Este sector recordó que el Gobierno nacional aseguró que el Decreto 5676 permitiría terminar con las filas y garantizar el abastecimiento del combustible para los transportistas, pero estas metas no se han cumplido, aseguró
El presidente de la Cámara de Transporte del Oriente, Luis Añez, expresó su preocupación por los bloqueos registrados en algunas regiones del país, protagonizados por sectores que demandan la abrogación del Decreto Supremo 5676, que establece un precio de Bs 18 por litro de diésel para los grandes consumidores.
“Son cosas que, como transporte, nos preocupan demasiado porque hemos pasado 53 días de bloqueo en toda la zona del occidente. Son 53 días que hemos dejado de trabajar y producir porque los bloqueos lo único que traen es atraso”, señaló Añez en contacto con EL DEBER.
El dirigente cuestionó además la reacción del Gobierno frente a los conflictos y lamentó que las autoridades esperen a que se concreten los bloqueos para asumir acciones destinadas a resolverlos.
Respecto al Decreto Supremo 5676, Añez aclaró que el sector del transporte no se encuentra ni a favor ni en contra de su abrogación, sino que demanda una solución estructural y definitiva a la falta de combustible.
“No nos va a llegar más diésel si es que ellos no tienen una planificación, por más que abroguen o no el decreto. Por eso lo que queremos es una solución estructural y definitiva, porque no es posible que la falta de combustible no tenga fecha de vencimiento. Necesitamos certidumbre y trabajar”, sostuvo.

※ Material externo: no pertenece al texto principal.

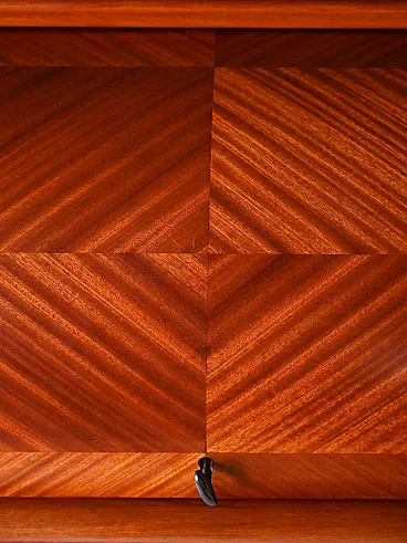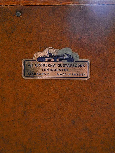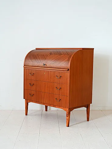 Secretaire in Mogania, three drawers and hidden desk. Elegant roller closure with fishing vein. Elegant Swedish secretaire of the 1950s attributed to AB Bröderna Gustafsson, complete with original label. The mahogany structure has a beautiful thorn processing on the roller, which conceals an internal desk with small rooms and drawers. Three lower drawers with brass handles complete the volume. Good condition. It may present signs of time. Pleasure pay attention to the photographs.

Añez recordó que, cuando fue anunciado el decreto, el Gobierno aseguró que la medida permitiría terminar con las filas, reducir la especulación y garantizar el abastecimiento de combustible para los transportistas. Sin embargo, afirmó que esos objetivos no se han cumplido.
“Estamos sin combustible y seguimos en la misma situación. Este decreto, lo único que ha traído hasta el momento es especulación, más filas y lamentablemente esto va a traer hambre y falta de trabajo”, manifestó.
Finalmente, el dirigente señaló que la decisión sobre mantener o abrogar la normativa corresponde al Gobierno, pero remarcó que la principal exigencia del transporte es contar con diésel suficiente para poder desarrollar sus actividades.